Department of Obstetrics & Gynecology, All India Institute of Medical Sciences, Rishikesh, Uttarakhand, India.
University College of Medical Sciences & Guru Teg Bahadur Hospital, Delhi, India.
Indian J Med Res. 2021 Aug;154(2):210-220. doi: 10.4103/ijmr.IJMR_857_20.
Cervical cancer is the fourth most common cancer in women in the world. To eliminate cervical cancer by 2030, the World Health Organization has given the target of 70 per cent coverage of twice lifetime screening. A multitude of screening methods are available, including cytology, human papillomavirus (HPV) DNA testing and visual inspection tests. Precision tests, including molecular and protein biomarkers such as DNA methylation, p16 immunostaining, and HPV mRNA testing help to enhance specificity of the screening. Worldwide HPV DNA testing with or without cytology is used as a screening method of choice, while in resource-poor settings, visual inspection tests are recommended. The major hurdle is a uniform and systematic implementation with a recall method in the population. Besides, controversies still exist regarding strategies to manage HPV-positive women and developing guidelines to screen the vaccinated population.

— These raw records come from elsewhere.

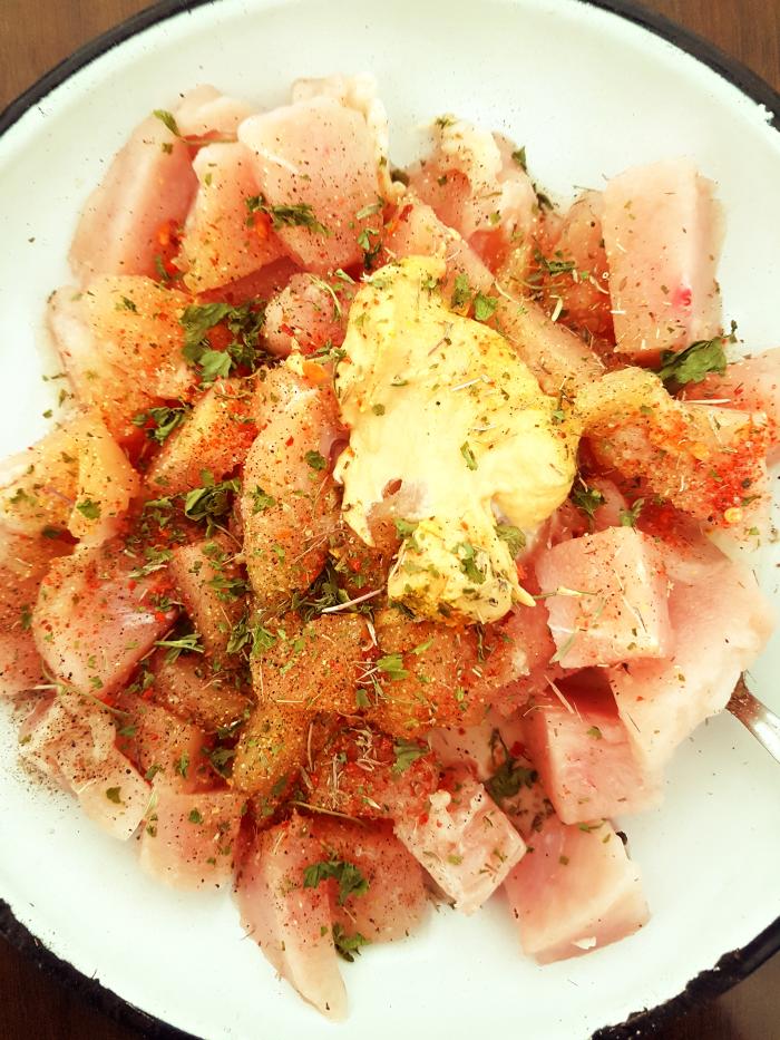 Pileće grudi isecite na kockice, posolite, pobiberite i začinite suvim biljnim začinom. Dodajte senf, seckan peršun i majčinu dušicu, sve dobro izmešajte pa dodajte kiselu pavlaku i brašno i ponovo sve dobro izmešajte pa ostavite da stoji oko 15 minuta.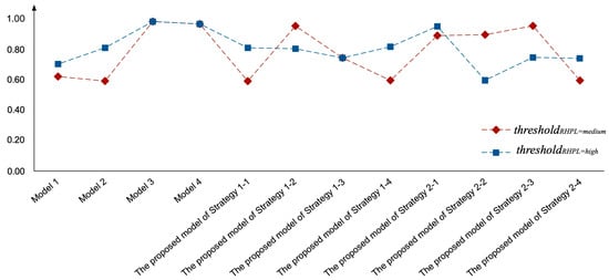 In conclusion, through sensitivity analysis of strategy weightings, we can see that the value of in fact influences the recommendation results, especially at thresholdRHPL=medium. In addition, a specific guidance for setting strategies with is derived that we can set for Strategy 1 and for Strategy 2 to obtain optimal recommendation.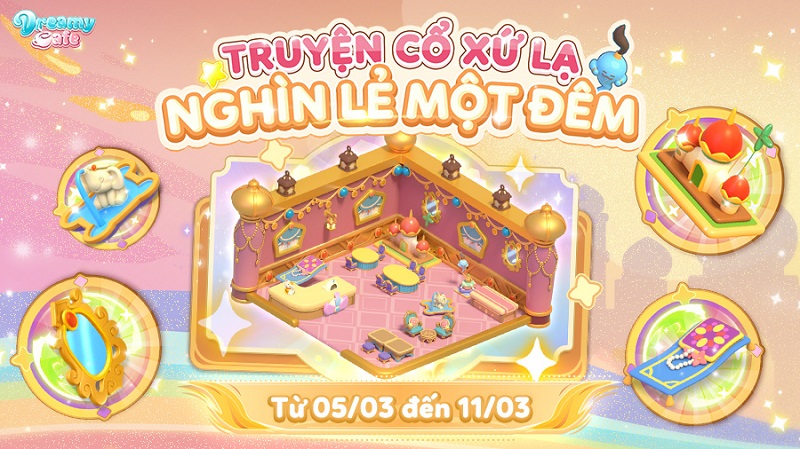 Người chơi Dreamy Cafe có thể sở hữu bộ nội thất Nghìn Lẻ Một Đêm đầy chất huyền bí Ba Tư khi tham gia sự kiện mới sắp tới trong game.
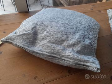 Coppia di cuscini decorativi con una texture particolare. - Tessuto morbido al tatto. - Colore grigio chiaro. - Ideali per divani o poltrone.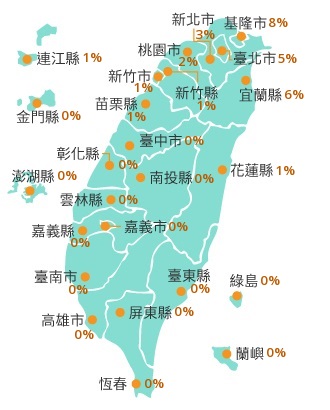 ▼至於未來全台各縣市受巴威颱風7級風風圈影響的機率,以基隆市8%為最高,其次則是宜蘭縣6%、台北市5%、新北市3%、桃園市2%。西部縣市則影響較小,新竹縣市、苗栗縣、花蓮縣、連江縣僅1%,其他縣市不受影響。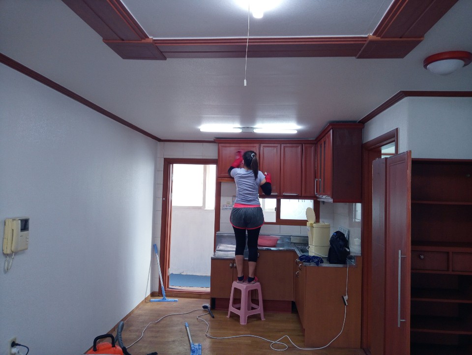 청소가 미비된 곳이나, 분리청소로 수납장/ 환풍기/주방용품/천장의등 등등....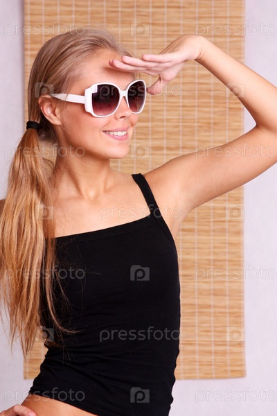 Белокурая женщина в солнцезащитных очках смотрит вдаль

宫颈癌是全球女性中第四常见的癌症。为了到 2030 年消除宫颈癌,世界卫生组织设定了目标,要求将两次终生筛查的覆盖率提高到 70%。有多种筛查方法,包括细胞学检查、人乳头瘤病毒(HPV)DNA 检测和肉眼检查。精准检测,包括分子和蛋白质生物标志物,如 DNA 甲基化、p16 免疫染色和 HPV mRNA 检测,有助于提高筛查的特异性。全球范围内,HPV DNA 检测联合或不联合细胞学检查被用作首选的筛查方法,而在资源匮乏的环境中,则推荐使用肉眼检查。主要的障碍是在人群中采用统一和系统的实施方法,并采用召回方法。此外,对于管理 HPV 阳性女性的策略以及制定针对接种疫苗人群的筛查指南,仍存在争议。